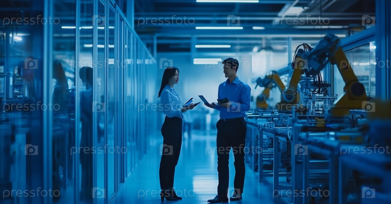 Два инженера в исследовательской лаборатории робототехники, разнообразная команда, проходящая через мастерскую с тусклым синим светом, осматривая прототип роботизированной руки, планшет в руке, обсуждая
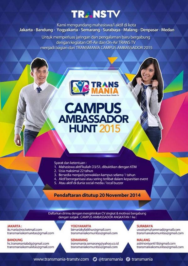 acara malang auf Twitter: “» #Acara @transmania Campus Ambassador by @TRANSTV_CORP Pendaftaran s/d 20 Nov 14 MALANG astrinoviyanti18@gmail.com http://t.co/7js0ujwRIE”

==================================================

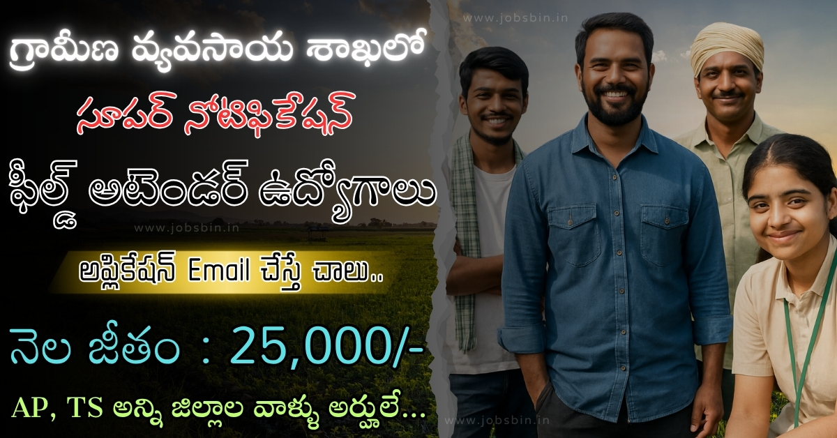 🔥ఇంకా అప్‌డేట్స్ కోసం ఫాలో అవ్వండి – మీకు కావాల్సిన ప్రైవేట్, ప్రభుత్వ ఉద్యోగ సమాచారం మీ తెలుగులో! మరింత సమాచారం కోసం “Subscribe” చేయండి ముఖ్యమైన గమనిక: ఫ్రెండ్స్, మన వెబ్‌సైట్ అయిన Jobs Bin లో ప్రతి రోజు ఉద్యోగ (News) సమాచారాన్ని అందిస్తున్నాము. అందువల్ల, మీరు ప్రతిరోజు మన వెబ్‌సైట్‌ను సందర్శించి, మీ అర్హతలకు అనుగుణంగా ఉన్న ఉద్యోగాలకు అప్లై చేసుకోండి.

==================================================

To complete this exercise, transcribe exactly the lines above from the one that holds "Два инженера в" through the one that holds "acara malang auf". Pictures stay out.

 Два инженера в исследовательской лаборатории робототехники, разнообразная команда, проходящая через мастерскую с тусклым синим светом, осматривая прототип роботизированной руки, планшет в руке, обсуждая
 acara malang auf Twitter: “» #Acara @transmania Campus Ambassador by @TRANSTV_CORP Pendaftaran s/d 20 Nov 14 MALANG astrinoviyanti18@gmail.com http://t.co/7js0ujwRIE”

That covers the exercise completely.